## Your instructions
Output all of the data exactly, keeping any images out of the copy.

## Collected material

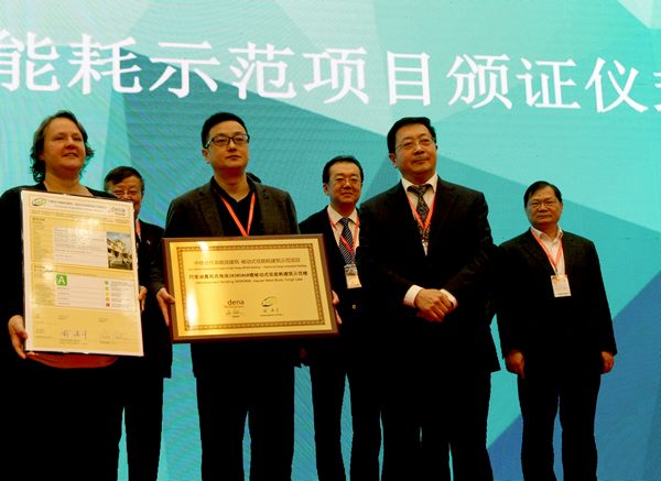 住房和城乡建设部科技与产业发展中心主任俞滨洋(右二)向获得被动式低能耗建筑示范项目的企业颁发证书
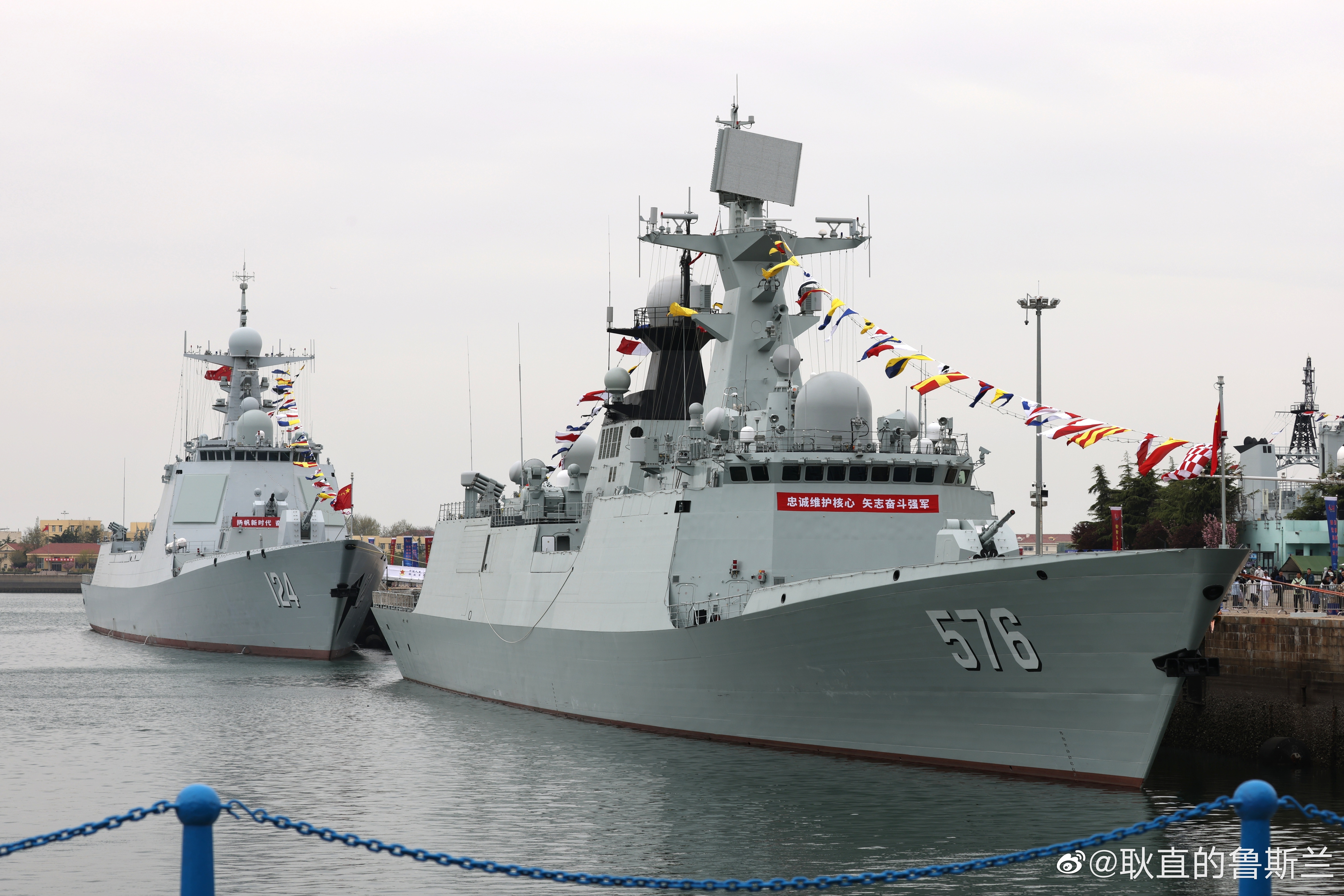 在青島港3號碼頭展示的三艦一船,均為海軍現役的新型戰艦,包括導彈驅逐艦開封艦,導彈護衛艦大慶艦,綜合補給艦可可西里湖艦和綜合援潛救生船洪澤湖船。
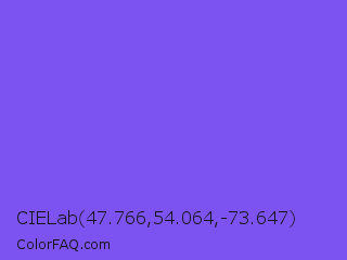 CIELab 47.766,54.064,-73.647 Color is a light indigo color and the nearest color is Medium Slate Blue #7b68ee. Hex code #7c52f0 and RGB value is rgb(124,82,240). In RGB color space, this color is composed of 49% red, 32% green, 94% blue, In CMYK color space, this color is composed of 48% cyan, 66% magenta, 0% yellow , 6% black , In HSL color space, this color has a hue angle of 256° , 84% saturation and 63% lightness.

## Response to this exercise
 住房和城乡建设部科技与产业发展中心主任俞滨洋(右二)向获得被动式低能耗建筑示范项目的企业颁发证书
 在青島港3號碼頭展示的三艦一船,均為海軍現役的新型戰艦,包括導彈驅逐艦開封艦,導彈護衛艦大慶艦,綜合補給艦可可西里湖艦和綜合援潛救生船洪澤湖船。
 CIELab 47.766,54.064,-73.647 Color is a light indigo color and the nearest color is Medium Slate Blue #7b68ee. Hex code #7c52f0 and RGB value is rgb(124,82,240). In RGB color space, this color is composed of 49% red, 32% green, 94% blue, In CMYK color space, this color is composed of 48% cyan, 66% magenta, 0% yellow , 6% black , In HSL color space, this color has a hue angle of 256° , 84% saturation and 63% lightness.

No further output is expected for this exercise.